:: INFORMATION SHOWN ::
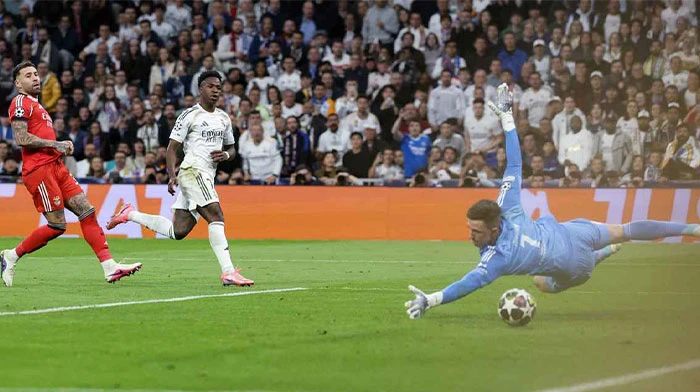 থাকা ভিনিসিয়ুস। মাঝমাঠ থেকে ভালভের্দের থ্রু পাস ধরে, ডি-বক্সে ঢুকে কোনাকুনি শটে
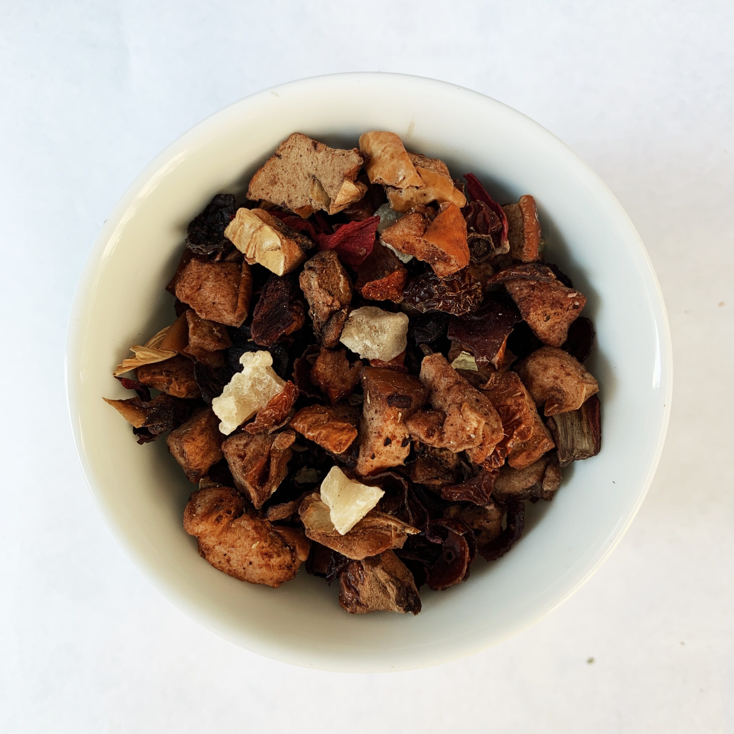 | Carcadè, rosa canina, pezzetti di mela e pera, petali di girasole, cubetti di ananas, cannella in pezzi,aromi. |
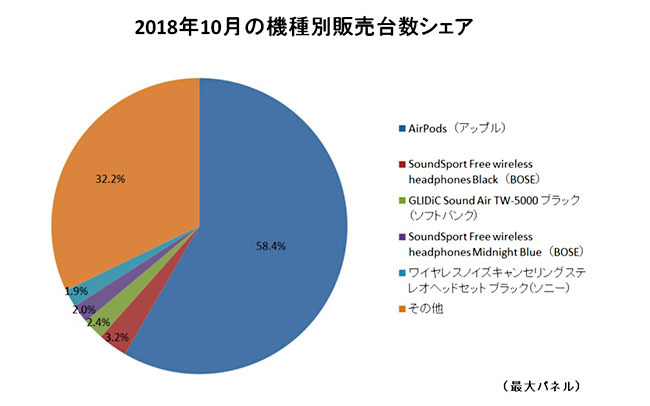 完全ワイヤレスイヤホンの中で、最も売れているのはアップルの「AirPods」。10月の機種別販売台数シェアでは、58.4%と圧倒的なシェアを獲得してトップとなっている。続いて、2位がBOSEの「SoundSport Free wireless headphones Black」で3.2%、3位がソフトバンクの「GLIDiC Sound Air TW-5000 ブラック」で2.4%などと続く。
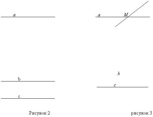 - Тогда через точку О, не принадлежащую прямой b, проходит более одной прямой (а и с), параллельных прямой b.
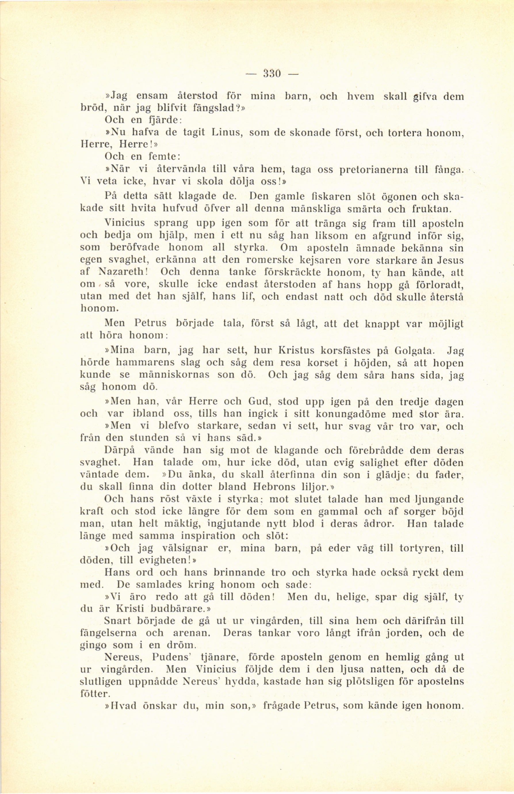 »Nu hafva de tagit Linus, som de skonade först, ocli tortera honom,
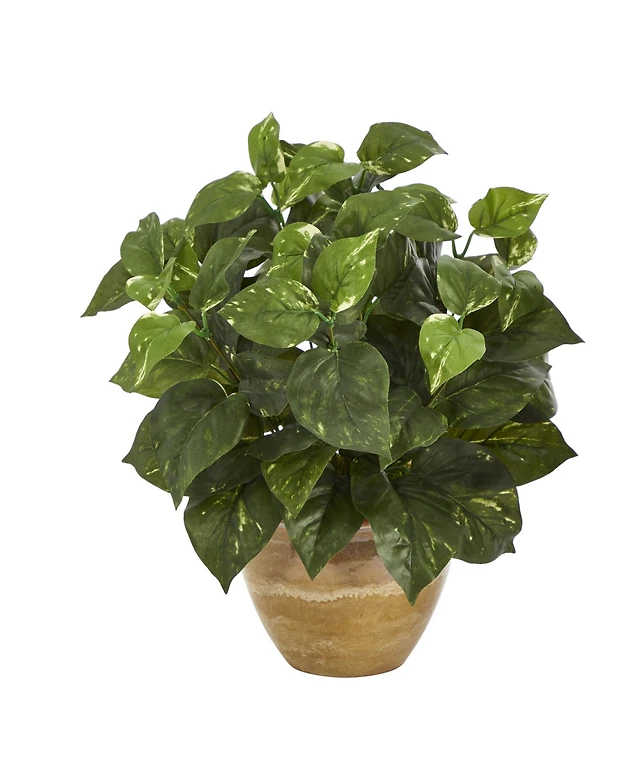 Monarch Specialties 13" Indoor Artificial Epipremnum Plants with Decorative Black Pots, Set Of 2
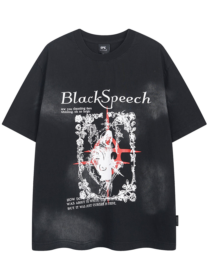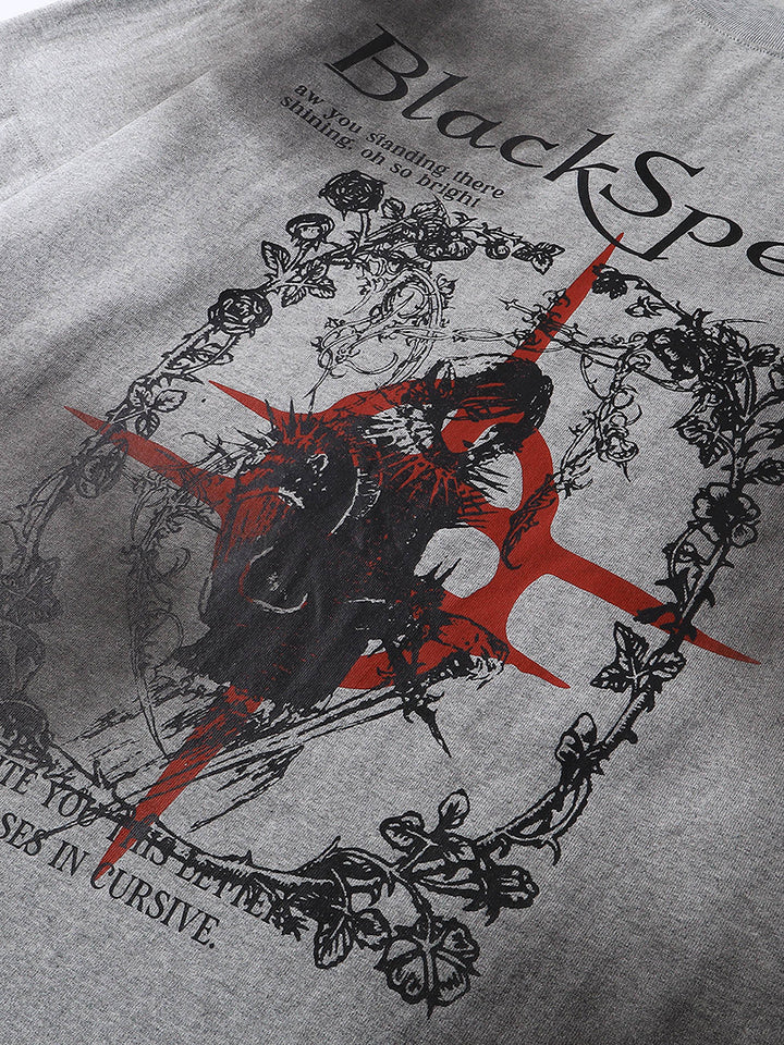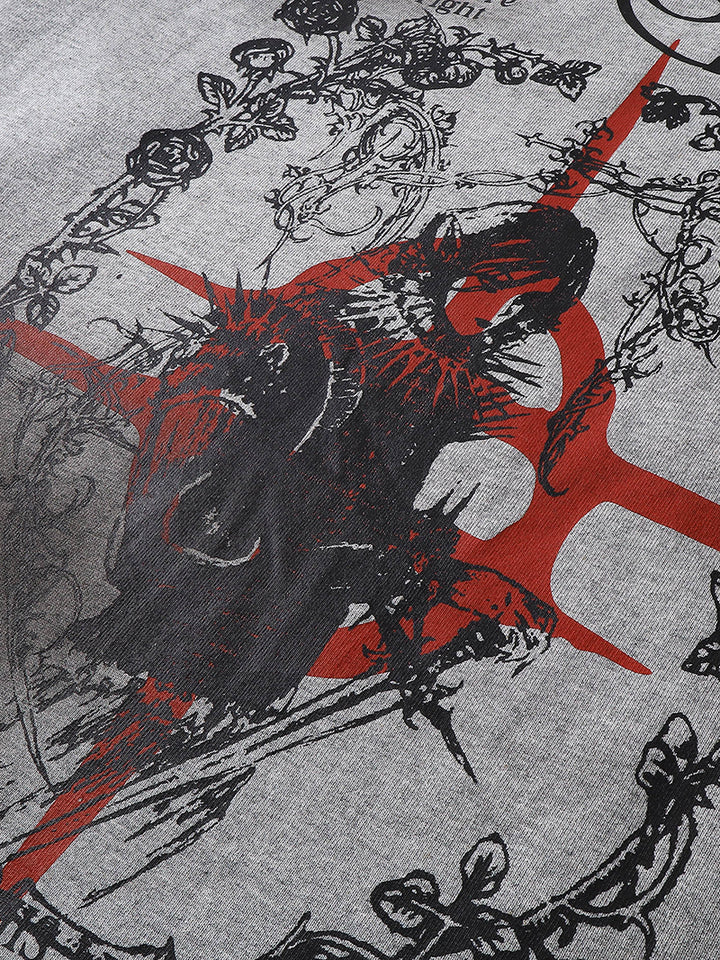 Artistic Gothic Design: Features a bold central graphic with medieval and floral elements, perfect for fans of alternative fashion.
:::
◆ WORK INSTRUCTIONS
Leave the pictures out and copy the rest of the data exactly.

◆ EXERCISE RESULT
 থাকা ভিনিসিয়ুস। মাঝমাঠ থেকে ভালভের্দের থ্রু পাস ধরে, ডি-বক্সে ঢুকে কোনাকুনি শটে
 | Carcadè, rosa canina, pezzetti di mela e pera, petali di girasole, cubetti di ananas, cannella in pezzi,aromi. |
 完全ワイヤレスイヤホンの中で、最も売れているのはアップルの「AirPods」。10月の機種別販売台数シェアでは、58.4%と圧倒的なシェアを獲得してトップとなっている。続いて、2位がBOSEの「SoundSport Free wireless headphones Black」で3.2%、3位がソフトバンクの「GLIDiC Sound Air TW-5000 ブラック」で2.4%などと続く。
 - Тогда через точку О, не принадлежащую прямой b, проходит более одной прямой (а и с), параллельных прямой b.
 »Nu hafva de tagit Linus, som de skonade först, ocli tortera honom,
 Monarch Specialties 13" Indoor Artificial Epipremnum Plants with Decorative Black Pots, Set Of 2
 Artistic Gothic Design: Features a bold central graphic with medieval and floral elements, perfect for fans of alternative fashion.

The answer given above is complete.